Here is what has been added to page 55 of the 2nd Edition:

Buddha Belly

When shooting a 12 gauge shotgun while standing and balancing on one foot (which is considered to be impossible), a key concept is what Kent calls “Buddha belly.”  It is performed as an integral part of the Turnipseed Basic Stance.  High-level martial artists will recognize that we are shooting with chi.

In traditional Chinese culture chi is a term that means “life-force” or “energy flow.”  In Asian martial arts chi, ch’i, qi, or ki, is a somewhat esoteric term associated with one’s internal power and ability to perform remarkable feats of physical prowess.  The Turnipseed Technique alternatively explains the use of one aspect of chi by means of body mechanics, by the use of the structure and function of the human body.

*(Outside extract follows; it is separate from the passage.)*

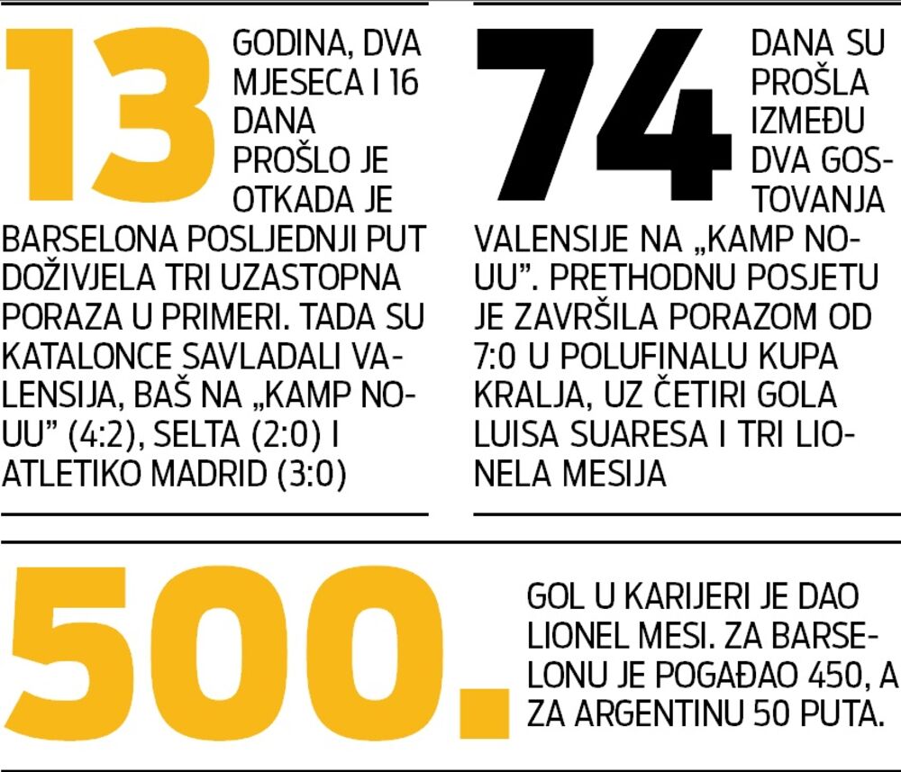 Katalonci su nakon više od 13 godina vezali tri poraza u Primeri, a ovaj im je nanijela Valensija, koja je osvojila "Kamp nou" (2:1).

Kent will instruct a student to “Let your belly drop.”  Further elaboration would be to mentally think of your relaxed belly (lower abdominal area) as being heavy and allow gravity to pull it downward.  Visualize a statue of the serene Buddha with his belly hanging out, and relax your body as much as possible.  No muscle tension is involved other than the minimum necessary to stay standing and balanced, and to shoulder your shotgun.  By letting your belly drop, you thereby lower your center of gravity and increase your stability.

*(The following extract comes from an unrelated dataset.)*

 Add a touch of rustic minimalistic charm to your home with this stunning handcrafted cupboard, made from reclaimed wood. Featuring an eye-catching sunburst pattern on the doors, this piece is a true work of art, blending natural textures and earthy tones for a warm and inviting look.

Your support knee should be slightly bent just as it would be while you are walking and maneuvering, and you will be an inch or two shorter than when standing at attention.  Some martial artists refer to this as low balance or lowering your center (of balance).  When you become proficient with Buddha belly, integrating it with your Turnipseed Basic Stance will enable you to remain balanced on one foot while shooting a 12 gauge shotgun.  This is unparalleled recoil management.